DOI: 10.1134/S0006297911010020

This issue of Biokhimiya/Biochemistry (Moscow) presents reviews and experimental papers written by Russian and foreign authors that consider studies of DNA repair mechanisms and their role in maintaining the stability of the genome. Repair mechanisms responsible for correcting DNA damages provide for the safety of genetic information. Factors negatively influencing the stability of the human genome include mutagens, carcinogens, UV and ionizing radiation, and various chemical substances, e.g. products of tobacco smoke and of incomplete combustion of fuels. The increasing level of these factors in the environment increases the frequency of oncologic and cardiovascular diseases and results in premature aging.

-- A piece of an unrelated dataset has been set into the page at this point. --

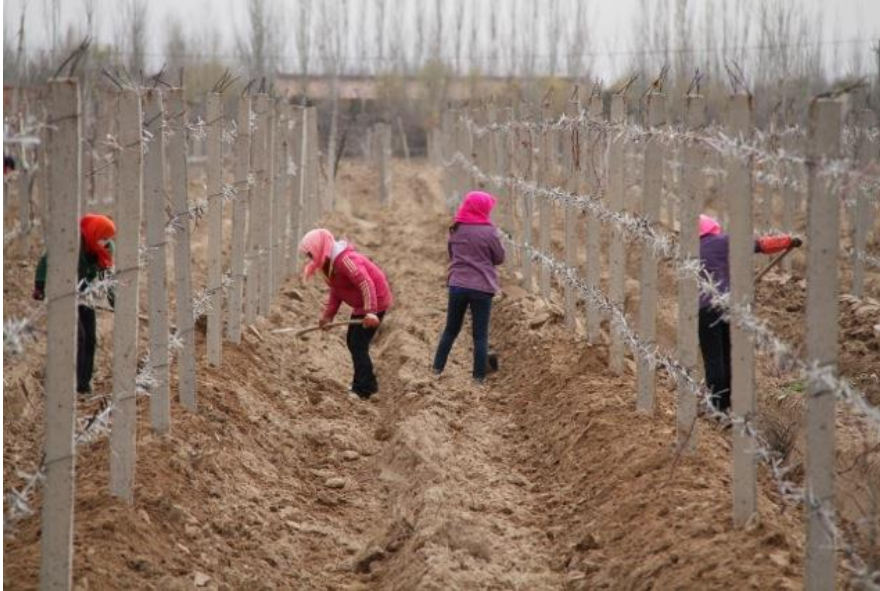
Arbeiders begraven wijnranken voor de winter, provincie Ningxia, Noordwest-China

Verteld door Academy Award©-winnaar Russell Crowe en gefilmd voor het grote scherm met de nieuwe Arri Alexa-camera's, volgt Red Obsession een moderne zijderoute door de lens van de etherische wijnen van Bordeaux. De film observeert de buitengewone financiële risico's die mensen bereid zijn te nemen in hun streven naar hun passie. Het confronteert de moderne dilemma's waarmee de wijnboer van Bordeaux wordt geconfronteerd in een tijd van grote wereldwijde onzekerheid, waar één verkeerde beslissing een reputatie die in honderden jaren is opgebouwd, op het spel kan zetten. En in deze "Aziatische eeuw" confronteert de film onze vooroordelen en gemakkelijke stereotypering van andere gebruiken en tradities. Tegen de achtergrond van de adembenemende landschappen van Bordeaux en China vertelt Red Obsession het verhaal van twee uiteenlopende en krachtige culturen die elkaar vinden in hun liefde voor een delicate wijn.

Studies on mechanisms of DNA repair and replication and also on regulation of these processes are now a cutting edge the global science because this field of molecular biology is directly connected with both searches for approaches promoting the survival of organisms and for optimal treatments of cancer and other human diseases. Damage of DNA is the major way in the treatment of malignant tumors by chemotherapeutic drugs. Ionizing radiation is also widely used. The therapeutic effect of these agents depends on activities of DNA repair systems, because they eliminate DNA damage and this lowers the efficiency of chemo- and radiotherapy. Therefore, studies on the DNA repair systems and determination of their status in the cells of healthy subjects and patients are very important for clinical practice.

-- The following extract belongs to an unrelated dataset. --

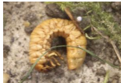
E ng e r l ing
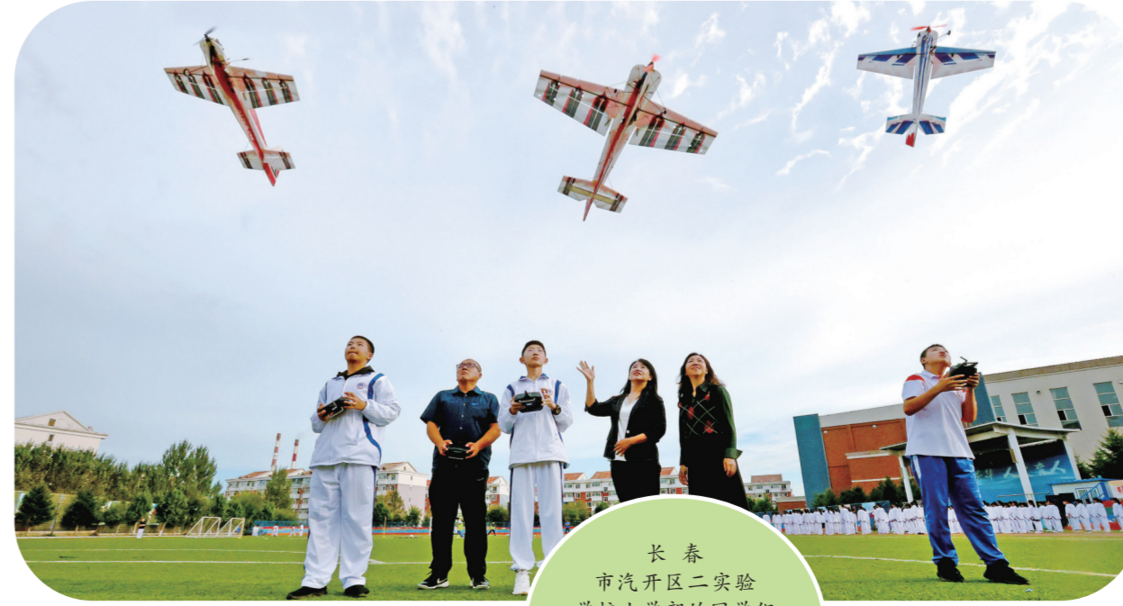
长春市经开区二实验学校小学部的同学们正在参加航模社团的活动。(资料图片)

保障和改善民生没有终点,只有连续不断的新起点。我们相信,全省上下勠力同心,坚持在发展中保障和改善民生,既立足当前,又放眼长远,以实实在在的工作成效回应民生关切,就一定能在吉林全面振兴取得新突破的新篇章上印牢幸福底色、汇聚磅礴力量,共同创造出更加美好的未来。

This issue contains contributions of leading researchers in the field of DNA repair mechanisms from different countries, for example Eugenia Dogliotti (Department of Environment and Primary Prevention, Istituto Superiore di Sanità, Italy) and Kaoru Sugasawa (Biosignal Research Center, Organization of Advanced Science and Technology, Kobe University, Japan). Other authors of works presented in this issue are graduates of the Novosibirsk State University who are successfully working in other countries: Grigory Dianov (Gray Institute for Radiation Oncology and Biology, University of Oxford, Great Britain), Alexander Mazin (Department of Biochemistry and Molecular Biology, Drexel University College of Medicine, USA), and also scientists from St. Petersburg working now in USA – Yury Pavlov and Pauline Shcherbakova (Eppley Institute for Research in Cancer and Allied Diseases, University of Nebraska Medical Center, USA). Many other papers are presented by leading researchers working in institutes of the Russian Academy of Sciences.

Note that studies on processes of DNA repair and practical aspects associated with creation of inhibitors and activators of these systems are now successfully studied in Russia. Thus, this is one of the leading directions of investigations in the Institute of Chemical Biology and Fundamental Medicine of the Siberian Branch of the Russian Academy of Sciences. The papers and reviews presented in this issue of the journal will allow the reader to look through the latest findings in the field and the most urgent problems in studies on DNA repair and replication.